Although this album does have many high points, like most, it also has its negative aspects. "It Won't Stop", Qwazaar's solo joint, does have some nice lines ("In a boxing match I'll snatch ya breath out and count the ref out"), but the loop and pattern are too basic. I think this track deserved a bit better. Also, even though the scratched vocal samples are timed properly, they do not sound very good over this chosen beat. Natural does put down a very nice instrumental for "Too Happy For Qwel", but his other solo track "Natural Causes" proves to be a complete flop. This may have worked if it was a 30-second introduction into "Take A Number", but instead it drags on for two minutes; a collage of vocal samples over a noisy beat that doesn't really do much for me.

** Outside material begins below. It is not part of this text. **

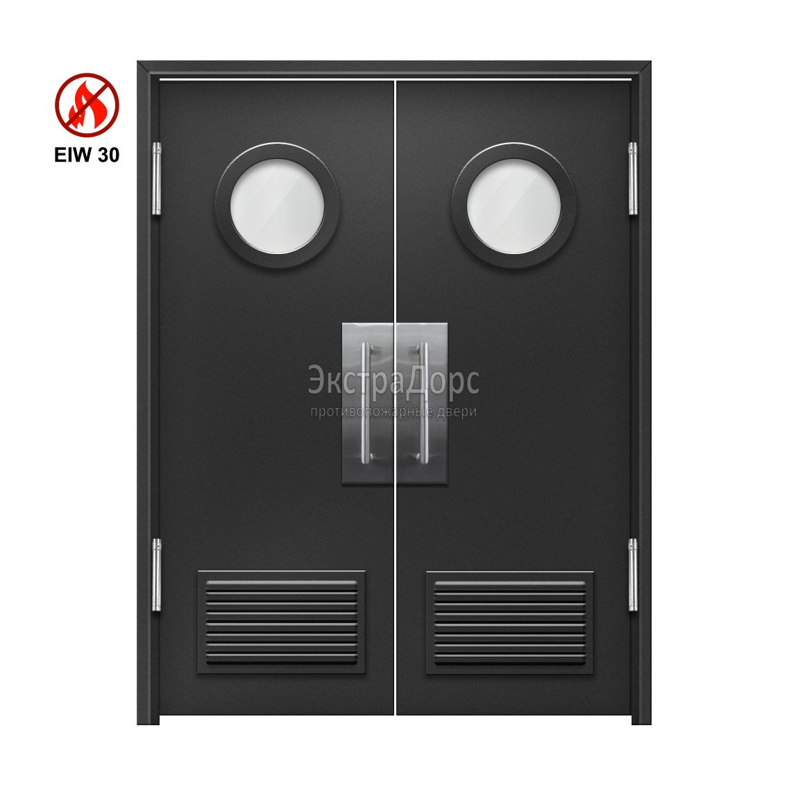 Двупольная огнеупорная утепленная маятниковая дверь с решетками остекленная EIW 30 ДПМ-02-EIW-30 ДП80 в Коломне

I hate ending reviews with negative words, especially when they are albums that deserve praise such as this one. While there is some work to be done in the event of another Typical Cats album, this one is still hot. And while this is not your 'typical' hip-hop album, maybe it should be. It is quite possible that through years of 'can we play rap too' and garbage releases, that our standards have dropped. These cats sure are not typical for our era, but through perseverance, you never know. The only thing 'typical' about this album is that it's another impressive release from Chicago's Galapagos4.